Work item
Using the records that follow, reproduce exactly the lines starting at the line containing "The Kids Room" and ending at the line containing "Tranh Sơn dầu". Include both end lines and no pictures.

Supplied records
========================
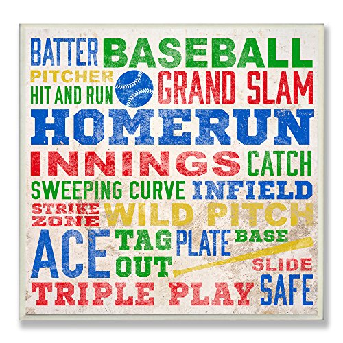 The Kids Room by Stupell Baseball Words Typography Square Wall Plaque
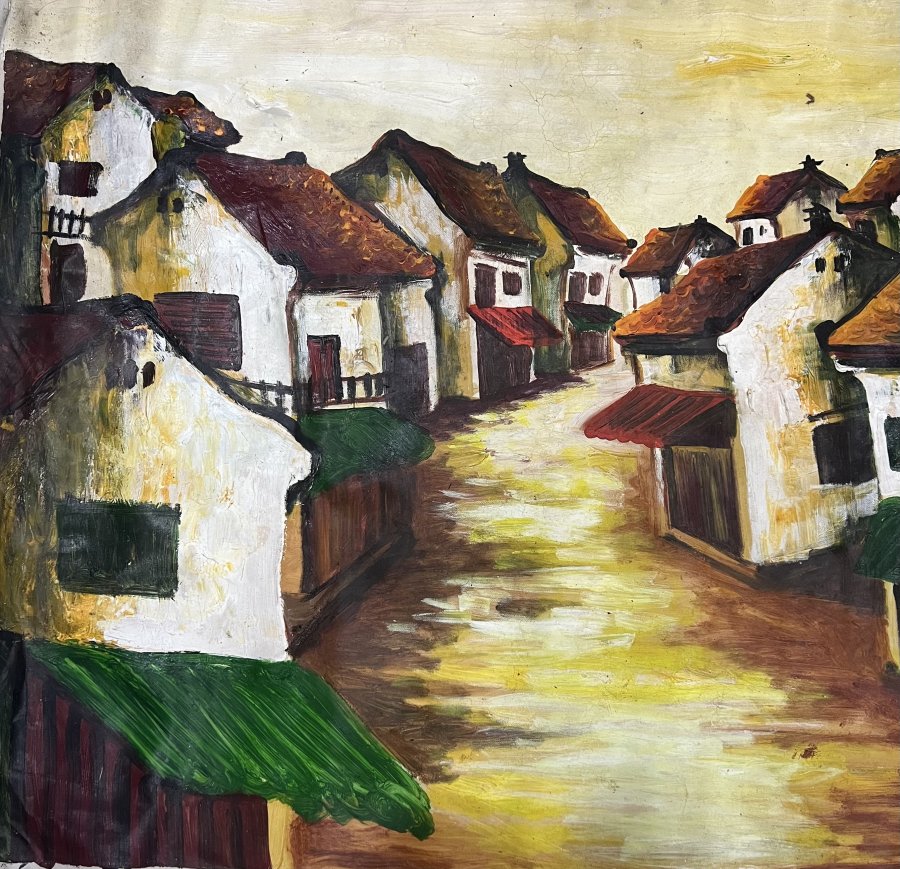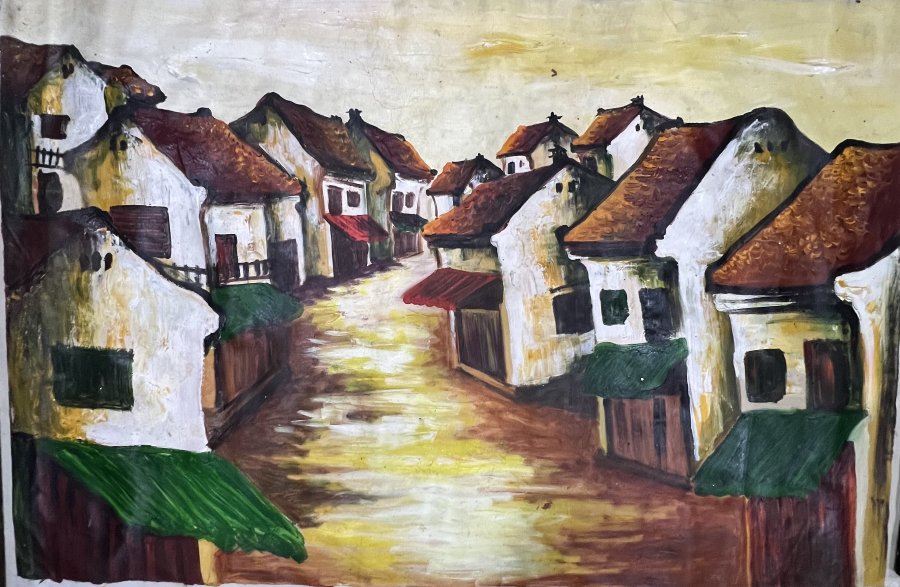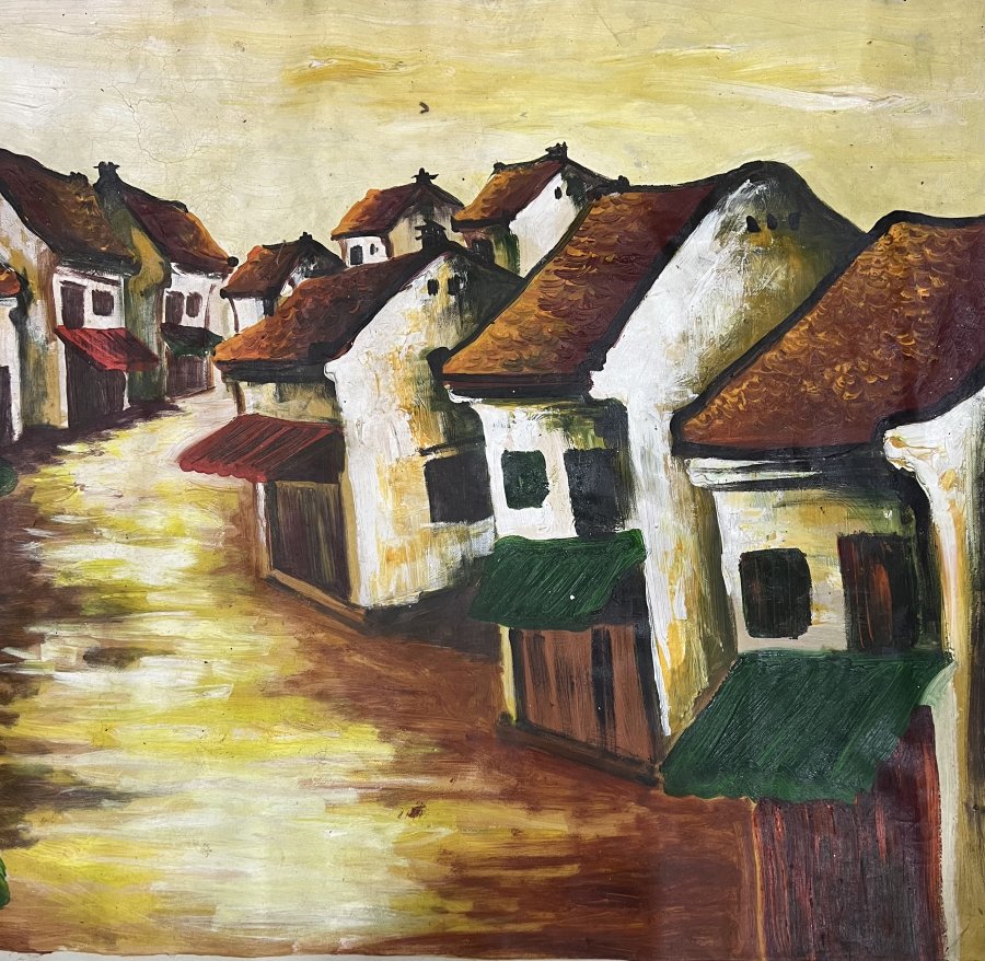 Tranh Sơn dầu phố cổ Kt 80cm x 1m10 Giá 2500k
========================
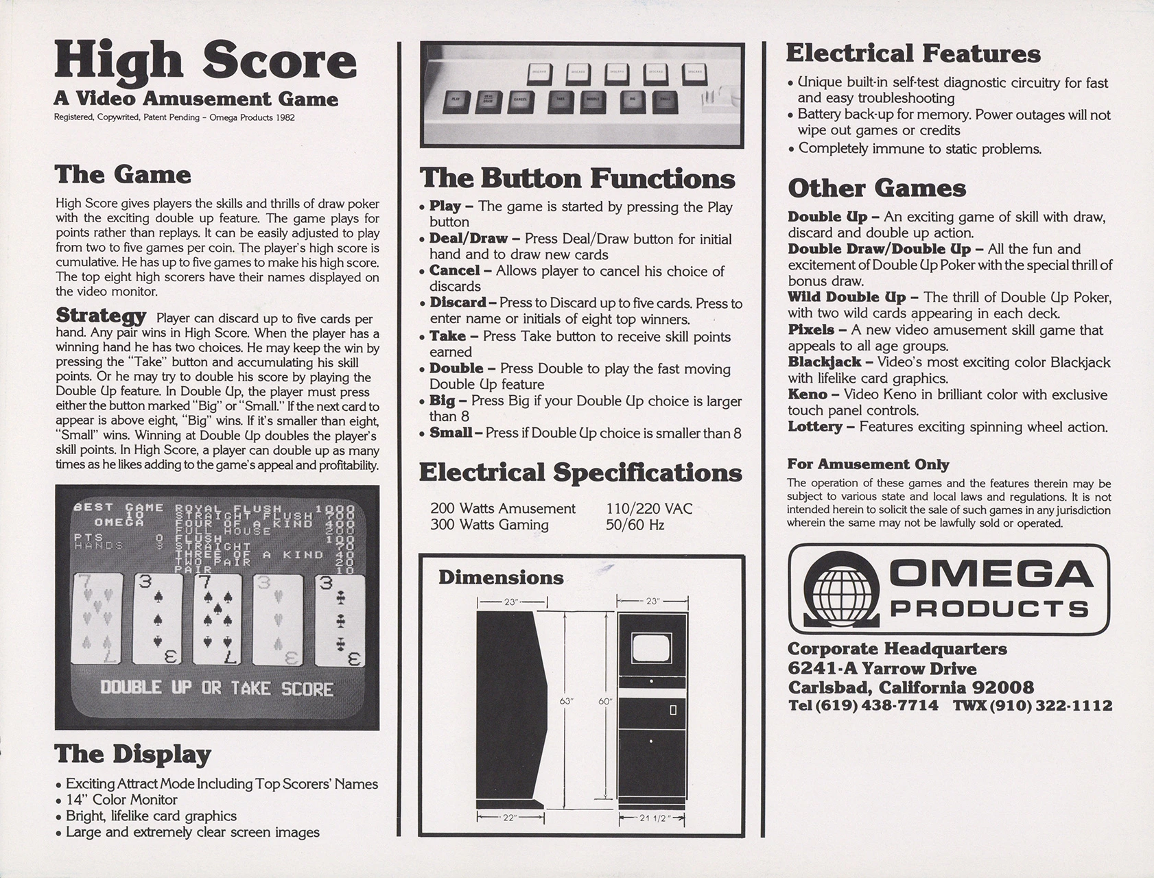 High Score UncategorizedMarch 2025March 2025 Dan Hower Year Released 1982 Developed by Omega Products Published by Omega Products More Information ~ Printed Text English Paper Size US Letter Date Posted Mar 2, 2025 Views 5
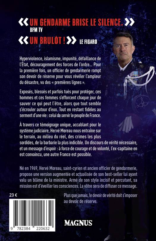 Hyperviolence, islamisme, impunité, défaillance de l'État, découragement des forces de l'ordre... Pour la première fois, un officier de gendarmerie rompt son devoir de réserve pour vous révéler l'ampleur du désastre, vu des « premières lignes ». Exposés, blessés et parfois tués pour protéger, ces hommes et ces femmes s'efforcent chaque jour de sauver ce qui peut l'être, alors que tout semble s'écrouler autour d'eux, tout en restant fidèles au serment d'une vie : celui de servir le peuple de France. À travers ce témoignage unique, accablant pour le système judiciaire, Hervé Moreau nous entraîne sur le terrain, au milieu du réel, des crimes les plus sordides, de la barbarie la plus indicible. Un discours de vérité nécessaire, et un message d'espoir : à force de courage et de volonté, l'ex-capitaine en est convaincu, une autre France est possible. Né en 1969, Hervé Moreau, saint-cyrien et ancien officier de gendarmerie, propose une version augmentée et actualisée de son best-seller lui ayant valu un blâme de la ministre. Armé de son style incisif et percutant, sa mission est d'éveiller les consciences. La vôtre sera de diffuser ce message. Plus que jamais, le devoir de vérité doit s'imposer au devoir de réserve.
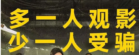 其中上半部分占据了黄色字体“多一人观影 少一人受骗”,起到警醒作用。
========================
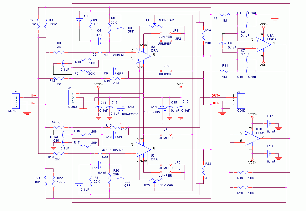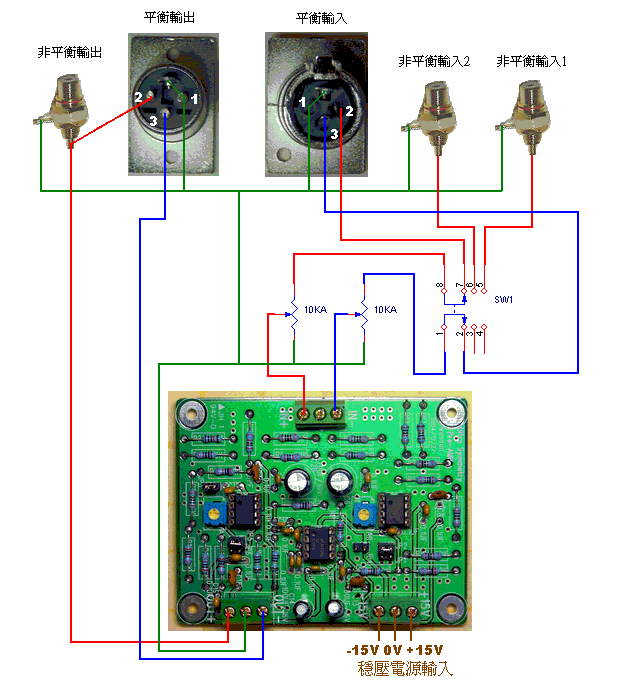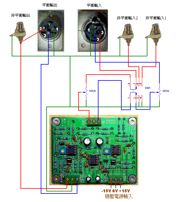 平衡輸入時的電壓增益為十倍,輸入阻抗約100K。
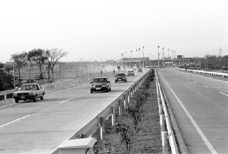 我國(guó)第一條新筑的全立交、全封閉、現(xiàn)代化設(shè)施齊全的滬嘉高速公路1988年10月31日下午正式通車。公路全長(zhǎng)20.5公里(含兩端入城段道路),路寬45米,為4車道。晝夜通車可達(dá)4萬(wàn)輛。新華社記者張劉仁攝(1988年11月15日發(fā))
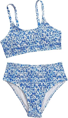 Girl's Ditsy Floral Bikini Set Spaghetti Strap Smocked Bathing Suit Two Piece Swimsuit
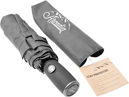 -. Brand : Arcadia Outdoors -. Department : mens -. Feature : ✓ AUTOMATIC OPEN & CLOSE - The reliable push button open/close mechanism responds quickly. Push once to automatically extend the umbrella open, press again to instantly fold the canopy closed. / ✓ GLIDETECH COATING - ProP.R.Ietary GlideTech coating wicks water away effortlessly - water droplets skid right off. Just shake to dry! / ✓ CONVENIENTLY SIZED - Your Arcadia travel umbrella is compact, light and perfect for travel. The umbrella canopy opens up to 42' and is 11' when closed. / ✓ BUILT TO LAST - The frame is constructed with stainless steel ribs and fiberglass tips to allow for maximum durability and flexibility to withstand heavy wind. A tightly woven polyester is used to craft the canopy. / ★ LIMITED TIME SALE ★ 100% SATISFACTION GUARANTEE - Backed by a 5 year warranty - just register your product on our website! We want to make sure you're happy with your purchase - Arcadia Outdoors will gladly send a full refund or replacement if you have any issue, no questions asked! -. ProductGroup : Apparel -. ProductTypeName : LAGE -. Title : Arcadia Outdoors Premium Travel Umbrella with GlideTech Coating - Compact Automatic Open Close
========================
Solution
 The Kids Room by Stupell Baseball Words Typography Square Wall Plaque
 Tranh Sơn dầu phố cổ Kt 80cm x 1m10 Giá 2500k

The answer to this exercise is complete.